On May 30, workers filed a petition with the NLRB seeking an election to form an independent (unaffiliated) union. According to Voces, a work stoppage the previous day won a three-day hiatus on the hiring of new replacements. But in a meeting with some workers, Voces staff, politicians and clergy, Palermo’s announced that workers would have 10 days, rather than 28, for re-verification of their work authorization. In response, more workers decided to strike the next day. By then, Silva says, “We were organized … We were almost ready.”
That led to a dramatic confrontation on June 1. Workers had planned to mass outside the factory, with those whose shifts ended at 8 a.m. streaming out of work to meet those already picketing. Having heard about this plan, workers say, Palermo’s barred employees from leaving the building, physically blocking the doors and telling workers they would be fired if they left. Some workers escaped through emergency exits, while others contacted Voces, who called the police. Police collected testimony when they arrived.
The same day, Sacks filed charges of illegal anti-union retaliation with the NLRB, and requested a federal court injunction to force a quick resolution prior to next month’s election. On June 2, according to Neumann-Ortiz, Palermo’s sent the first of multiple waves of letters terminating some strikers.

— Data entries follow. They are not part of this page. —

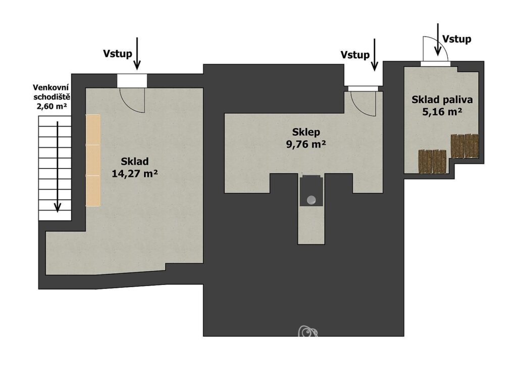 – Sklepy: 1x vinný sklípek, 1x dílna, 1x technický prostor. Vše samostatný vchod ze zahrady.
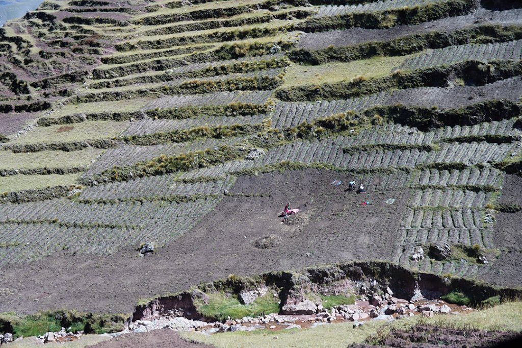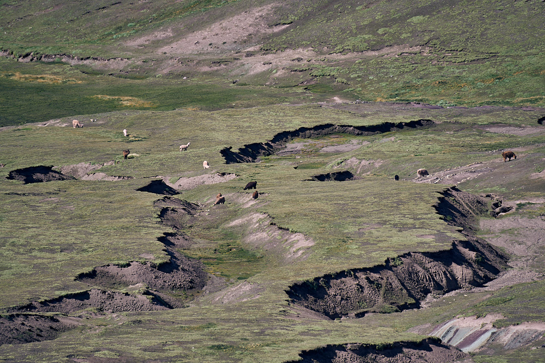 Palccoyo is about a 3-3.5 hour drive from Cusco, necessitating an early start. At 4:00 am, after grabbing some coca tea from the lobby, we were picked up by our van. A 1.5-hour drive brought us to a restaurant where we enjoyed a freshly made breakfast buffet. With our bellies full, we continued deeper into the Peruvian countryside. As we ascended higher into the mountains, we couldn’t help but laugh through the rough, bumpy roads as our driver skillfully navigated the winding paths. The scenic drive featured numerous herds of alpacas, llamas and sheep, and we saw farmers harvesting potatoes and grass on the mountain terraces.
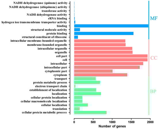 The DEGs involved in enriched functional groups (p < 0.05) were 149 gene ontology (GO) terms (Table S2), containing 60 biological process terms (BP), 72 cellular component terms (CC), and 17 molecular function terms (MF). The ten most enriched categories of DEGs in the GO functional classification are shown in Figure 4. Among these GO terms, seven categories were connected to protein activities, including protein binding, structural constituent of ribosome, transport, protein metabolic process, cellular protein localization, translation and cellular protein metabolic process.
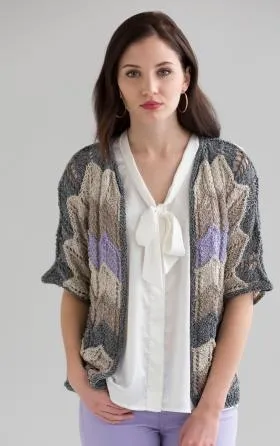Свободный кардиган спицами для женщин, выполненный из смесовой летней пряжи средней толщины. Вязание модели осуществляется узором шевроны, раппорт которого составляет 12 рядов. При этом в работе используется несколько цветов пряжи. Кардиган имеет цельнокроеный рукав. Описание рассчитано для нескольких размеров.
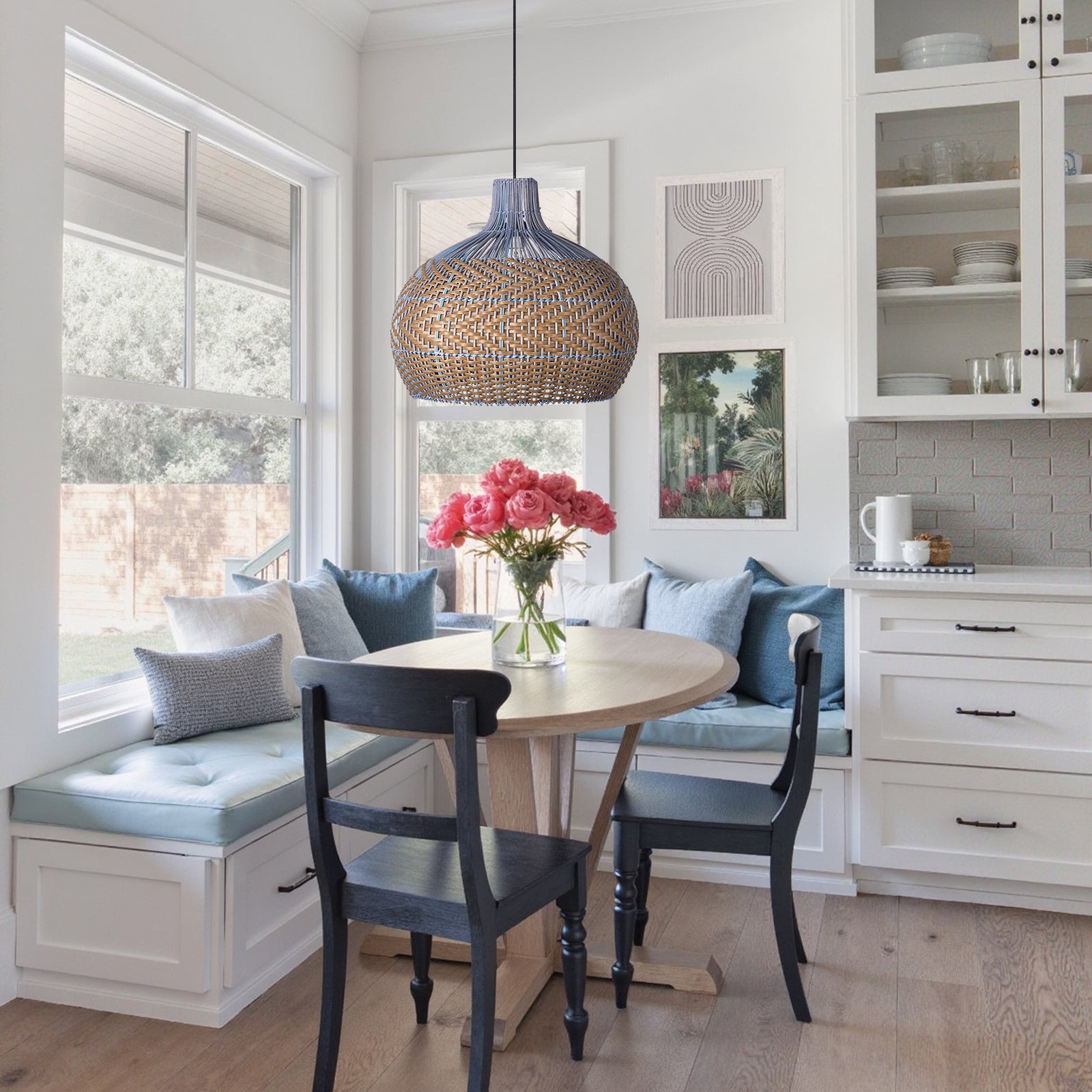 The classic cylindrical rattan shade provides even, diffuse illumination. Its woven texture eliminates harsh shadows and creates a balanced visual appeal, offering both functional brightness and a touch of elegant simplicity that elevates the ambiance of any room.

“People have been explicitly told they’re being fired for participating in the strike,” Neumann-Ortiz says. She says some letters told workers they were being fired for participating in a legally unprotected work stoppage, others told temp workers they were being cut off for participating, and others took the form of “resignation” letters written on behalf of striking workers.
The most recent termination letters, dated June 8, told workers they were being terminated for failure to comply with the 10-day immigration verification deadline announced May 30. Voces alleges that Palermo’s created the 10-day deadline to break the union, and falsely pinned it on ICE. Neumann-Ortiz says that the company “claimed that they were just abiding by this new mandate on the part of ICE, and yet the local ICE confirmed with a representative of the Steelworkers that it wasn’t coming from them. It was coming from the company.” She says workers began receiving these letters Monday, even though the Department of Homeland Security “has informed the company that the verification process has been suspended.”
Workers who were on Palermo’s payroll as of June 2 will be eligible to vote in the NLRB election, even if they’ve since been fired, while temp workers will not. Workers will begin testifying on their injunction request today.
“We need your help to win this fight,” Ramirez told the crowd at the recall GOTV rally June 3. He asked them to call Palermo’s “to tell them that you won’t buy their pizza ’til they negotiate with the workers and respect their right to organize.”
Workers have since called for a formal boycott of Palermo’s, and have been joined on the picket line by local activists and union members. Their cause is being promoted by the AFL-CIO and others. The strike, which had been focused on demanding the company voluntarily recognize the union, is now focused on demanding that Palermo’s reverse the firings, end the use of temp workers and honor the NLRB election process.
Neumann-Ortiz said last night that given the scheduling of the NLRB election and ICE’s statement that there is no 10-day deadline, Voces had reached out to Palermo’s to discuss negotiating to bring back the fired workers and end the strike. But “the company has refused to negotiate in any way.”
Workers estimated that 60 to 80 percent of Palermo’s workforce went on strike. “There’s still a lot of fear,” says Silva.
“We try to talk them into coming together with us,” says striker Juan Jasso. “Some of them are scared, that’s why they’re not here. But most of them are out fighting.”
Silva says the strike is showing Palermo’s “that we’re not machines. After so many years, we’re not part of the machinery.” After ignoring workers for years, he says, “Now they’re paying attention.”